Douglas Adams's Starship Titanic
- Author: Terry Jones
- Publisher: Harmony Books, Pan Books, Ballantine Books
- Publication date: October 1997
- Pages: 256 (first edition)

= Douglas Adams's Starship Titanic: A Novel =

1997 novel by Terry Jones

Douglas Adams's Starship Titanic is a novel written by Terry Jones, based on the game Starship Titanic conceived by Douglas Adams. The novel was published in October 1997 by Harmony Books and Pan Books, and in November 1998 by Ballantine Books.

The author, Terry Jones, based it on an outline provided by Douglas Adams. Jones, famous for his work with Monty Python, was the voice actor for the parrot character in the original game. Adams initially intended to write the adaptation himself, but was too focused on the game. Robert Sheckley was then approached to write it, but his submitted work was rejected by The Digital Village in Autumn 1997 because it was too different from Adams's writing style.Michael Bywater offered to write the novel after Sheckley abandoned the project, but, due to fears that Bywater would not complete the book on schedule, Adams ultimately asked Jones to write it as publishers expected the book's release to tie in with that of its source material (which itself ended up being delayed).
Because of a tight schedule and postponing of the novel, Jones had to write it in the five weeks before its release date. The book sold about 80,000 copies.
Gerald Jonas of The New York Times Book Review wrote that Jones "successfully mimics Adams's antic style", but that the novel lacks the qualities that made Hitchhiker's Guide to the Galaxy series "memorable".
However, Publishers Weekly praised the book, describing it as a "rich medium of whimsy and satire" and writing that it succeeds in making readers laugh.
Reviewing the novel for School Library Journal, Robin Defendall also praised it and wrote that "it will be popular with [Jones's and Adams's] many fans".

== Synopsis and plot ==
At the centre of the galaxy, an unknown civilisation is preparing for an event of epic proportions, the launch of the most technologically advanced spaceship ever built – the Starship Titanic, the ship that cannot possibly go wrong, based on an idea of a cruise ship starship disaster mentioned by Adams in the novel Life, the Universe and Everything.
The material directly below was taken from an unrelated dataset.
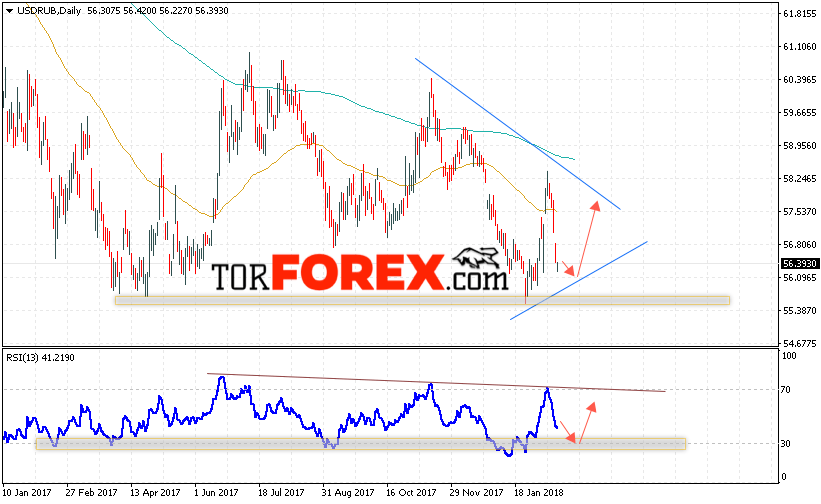 Таким образом, USD RUB прогноз курса Доллара на 19 — 23 февраля 2018 предполагает попытку теста нижней границы модели «Треугольник» вблизи уровня 56.05, откуда стоит ожидать попытку роста Доллара в область выше уровня 57.60, в пользу роста пары выступит тест области поддержки на индикаторе относительной силы, отменой варианта роста курса Доллара на текущей торговой неделе станет падение и пробой области 55.20, что укажет на продолжение падения ниже уровня 54.00.

In the novel, the ship is sabotaged by Antar Brobostigan and his accountant Droot Scraliontis as part of an insurance fraud, and undergoes a Spontaneous Massive Existence Failure, crashing on Earth and recruiting three humans to help repair it. Similarly to the game, the main characters seek to upgrade their class status and fix the ship's central computer. The novel also includes subplots involving the on-board bomb and a love triangle between two of the human characters and a journalist from the planet Blerontin.

== Releases ==
- ISBN 978-0-609601037 (13-digit)
- ISBN 0330354469 (10-digit)
- ISBN 978-0-330354462 (13-digit)

An audiobook was released in November 1997.
Trudi Miller Rosenblum of Billboard praised the audiobook's execution as "hilarious" and added that "there are plenty of wacky details and funny one-liners".

In 2007, it was re-released as an e-book. A new edition was published in the UK in 2023 by Pan Macmillan.

==Adaptation==
In December 2021, BBC Radio 4 broadcast a radio dramatisation, Starship Titanic, featuring Michael Palin and Simon Jones, who originally played Arthur Dent. It was adapted by Ian Billings and directed by Dirk Maggs, who also directed the last four series of The Hitchhiker's Guide to the Galaxy radio series.